An EU enterprise, construction and industrial company is committed to sustainability and environmental responsibility, with a history of keeping urban areas clean for almost a century. Therefore, the client was looking for a stable data infrastructure solution that they could scale up and later on add other partner companies too. Having multiple data sources in their business led to a need for a unique storage solution. In addition to that, the client wasn’t utilizing the data to its full potential, despite the fact that their end users were requesting various insights that they might offer if the data was kept and arranged in a better manner.
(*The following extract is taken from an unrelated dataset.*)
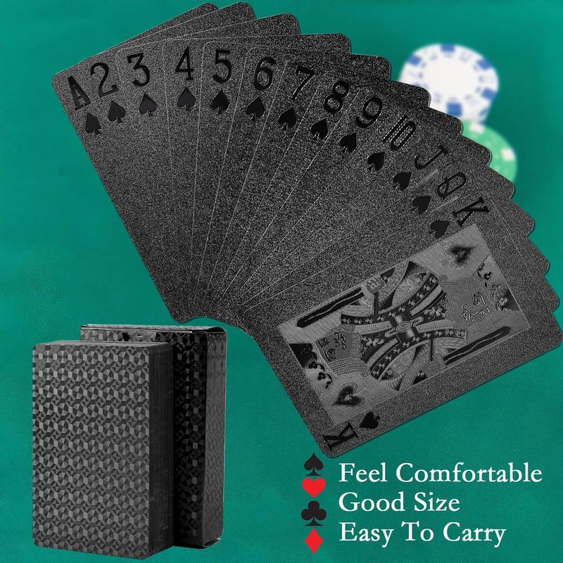 Joyoldelf Cool Black Foil Poker Playing Cards, Waterproof Deck of Cards with Gift Box, Use for Party and Game
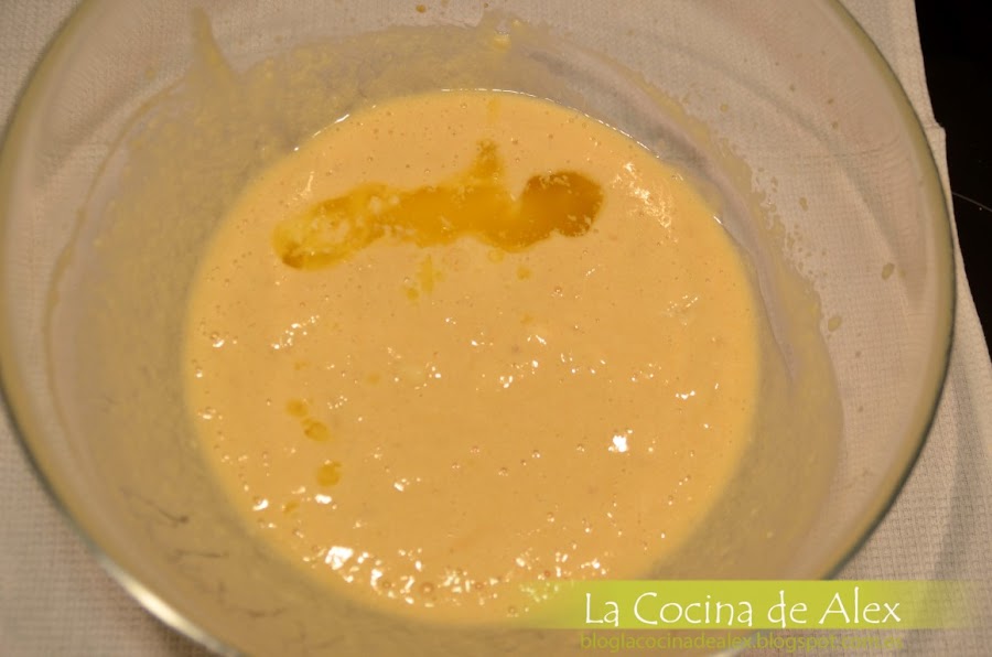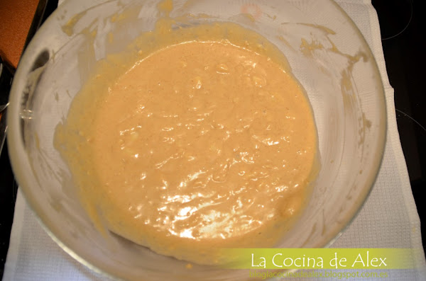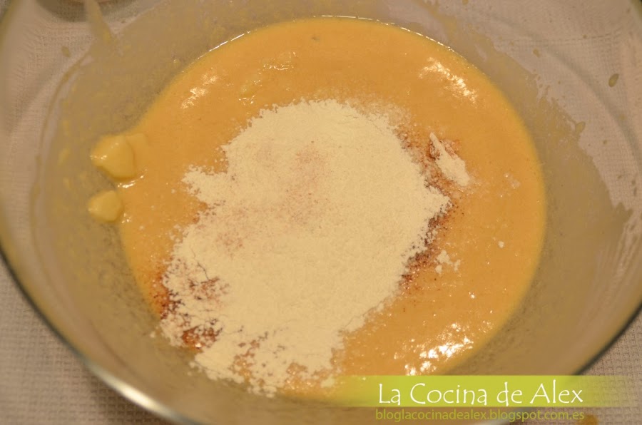 Una vez que tenemos la mantequilla templada la incorporamos a la mezcla anterior. También vamos a precalentar el horno a 190º para que vaya cogiendo temperatura.

The challenge was to identify the requirements and to adjust the pipeline in order to get data from different sources. Moreover, there was a need to ensure that the solution could be easily scaled up to accommodate future data needs.
Since the client wanted to make an impact by reducing carbon emissions, decreasing fine dust levels, and employing alternative fuels, with the aim to provide responsible solutions for municipal street cleaning challenges, SmartCat created a Data Lakehouse solution in order to enable advanced analytics and machine learning for the client, as well as an API implementation that would enable easier access to data and building reports.
The team worked closely with the client in order to identify and adjust the pipeline to ensure that data could be easily accessed and used for advanced analytics and machine learning. We delivered value through reports with insights and forecasts while enabling the client to smoothly read and understand data and how to use it in an efficient way.
SmartCat built the necessary infrastructure to deploy an internal Data Lakehouse solution – AIDA to the Client’s AWS account. This allowed for a stable and scalable solution that could accommodate future data needs. The end result was a successful Data Lakehouse solution that met all of the Client’s requirements and enabled them to achieve their goals. Moreover, having structured data allowed different visualization options through dashboards that brought more value from the data.
- AWS cloud storage: used for storing unstructured, semi-structured and structured data.
- Databricks: combines data warehouse and data lake advantages into single architecture.
- Apache Spark: an open-source distributed computing system for big data processing.
- Terraform: a tool for building, changing, and versioning infrastructure safely and efficiently.
- Python: a programming language used for data analysis and data science.
- Power BI: a tool for data visualization used for generating reports.
The client’s company operates in more than 160 countries.